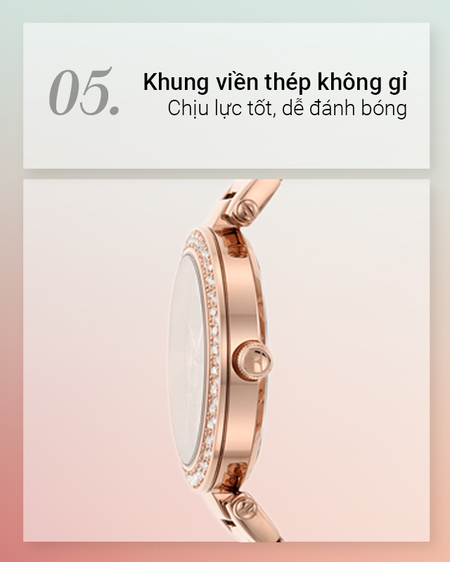 - Khung viền và dây đeo làm bằng thép không gỉ, độ bền cao, chịu lực tốt, chống bám bẩn hiệu quả
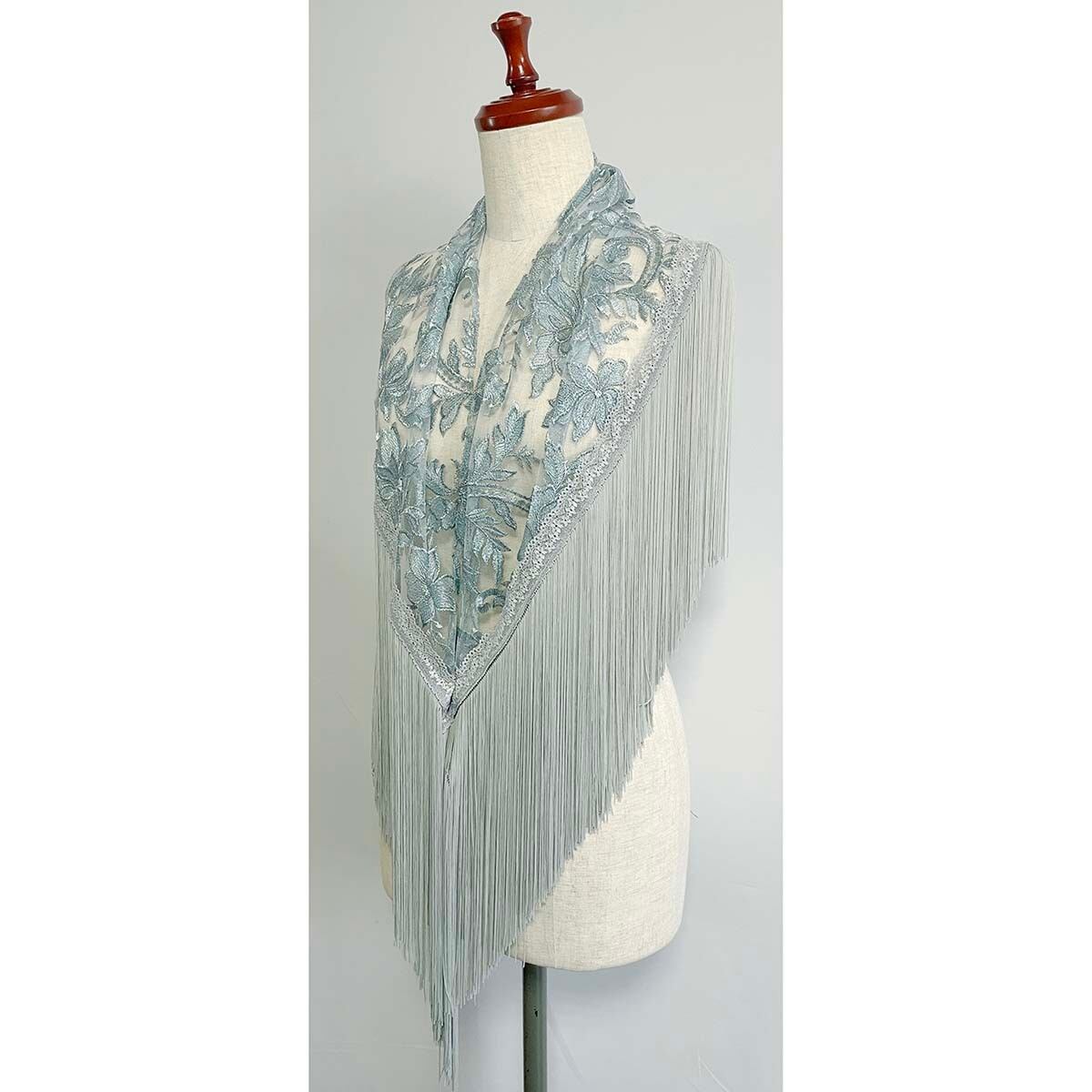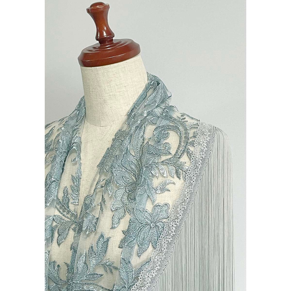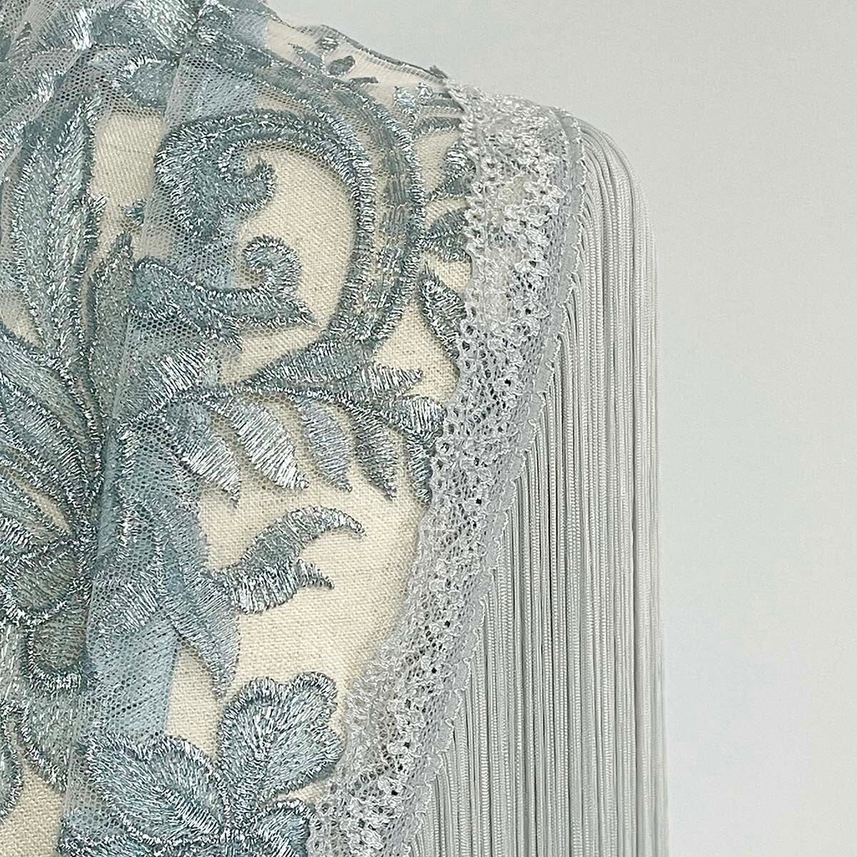 非常に豪華なスペイン製のライトブルーグレーの刺繍チュール生地のシージョです。
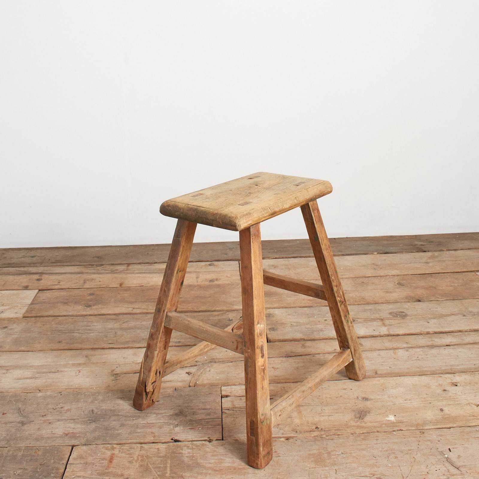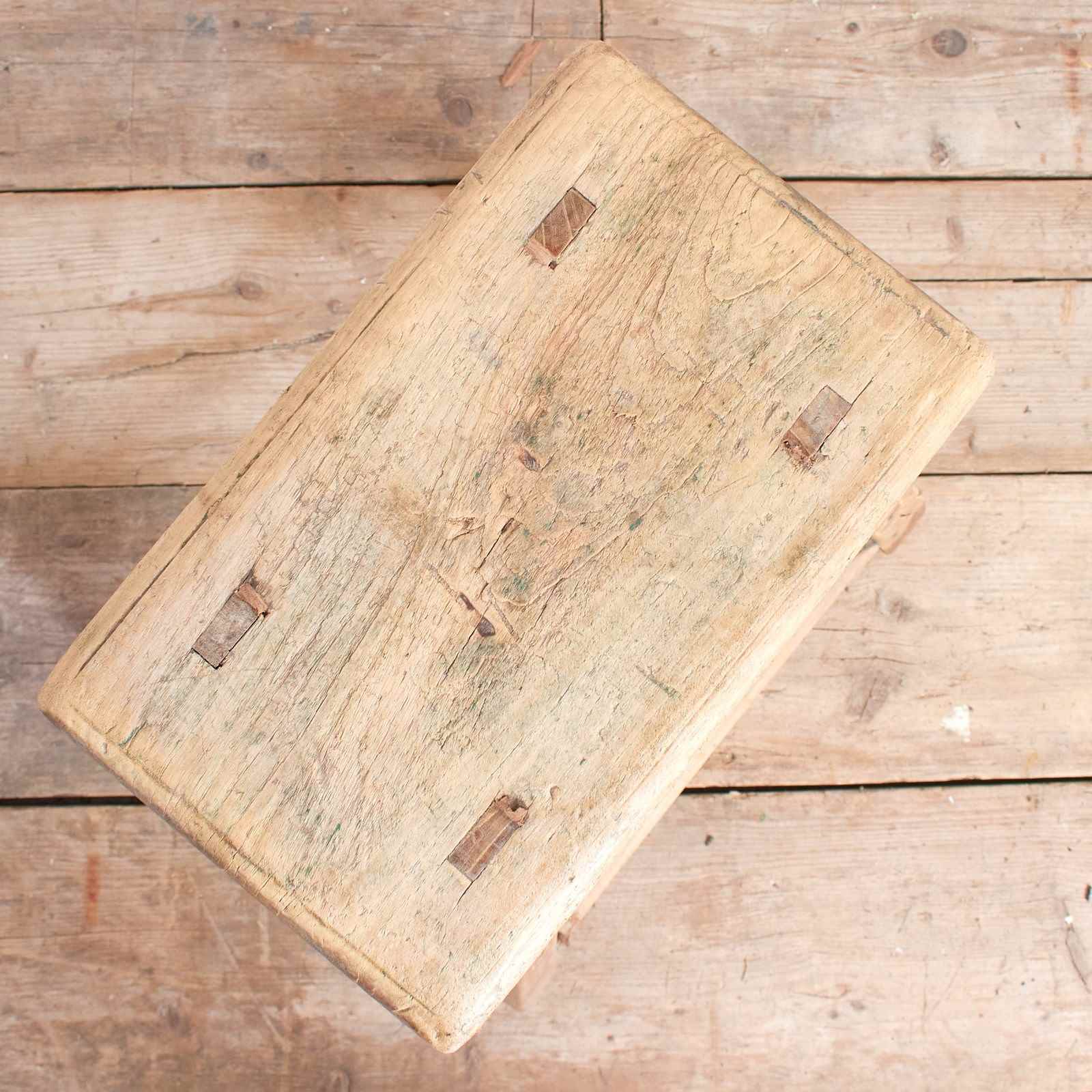 A lovely vintage wooden elm stool/side table. The stool is solid, lovely original patina and character with each one being totally unique. Traditional construction joints the stools are primarily constructed from elm with some stretchers oak or pine. These are great as alternative bedside tables, for using in the bathroom, kitchen, or for placing plants on.
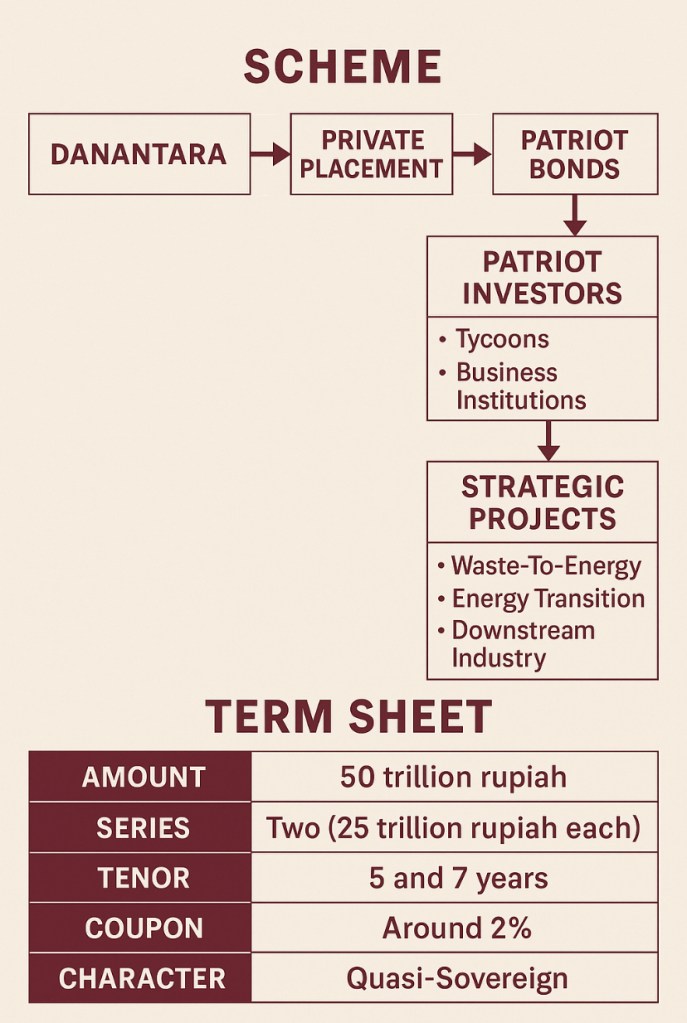 Patriot Bond Danantara menghadirkan dilema klasik antara politik pembangunan vs. disiplin pasar. Di satu sisi, ia mencerminkan upaya kreatif mencari dana di luar utang publik resmi. Di sisi lain, secara fundamental ia rapuh: kupon terlalu rendah, likuiditas nihil, dan motivasi investor hanya bisa ditopang oleh konsesi politik atau reputasi nasionalisme semu.

◆ ◆ ◆ ◆ ◆

• Task
Omit the pictures, then give all the lines above again exactly.

• Solution to the exercise
 - Khung viền và dây đeo làm bằng thép không gỉ, độ bền cao, chịu lực tốt, chống bám bẩn hiệu quả
 非常に豪華なスペイン製のライトブルーグレーの刺繍チュール生地のシージョです。
 A lovely vintage wooden elm stool/side table. The stool is solid, lovely original patina and character with each one being totally unique. Traditional construction joints the stools are primarily constructed from elm with some stretchers oak or pine. These are great as alternative bedside tables, for using in the bathroom, kitchen, or for placing plants on.
 Patriot Bond Danantara menghadirkan dilema klasik antara politik pembangunan vs. disiplin pasar. Di satu sisi, ia mencerminkan upaya kreatif mencari dana di luar utang publik resmi. Di sisi lain, secara fundamental ia rapuh: kupon terlalu rendah, likuiditas nihil, dan motivasi investor hanya bisa ditopang oleh konsesi politik atau reputasi nasionalisme semu.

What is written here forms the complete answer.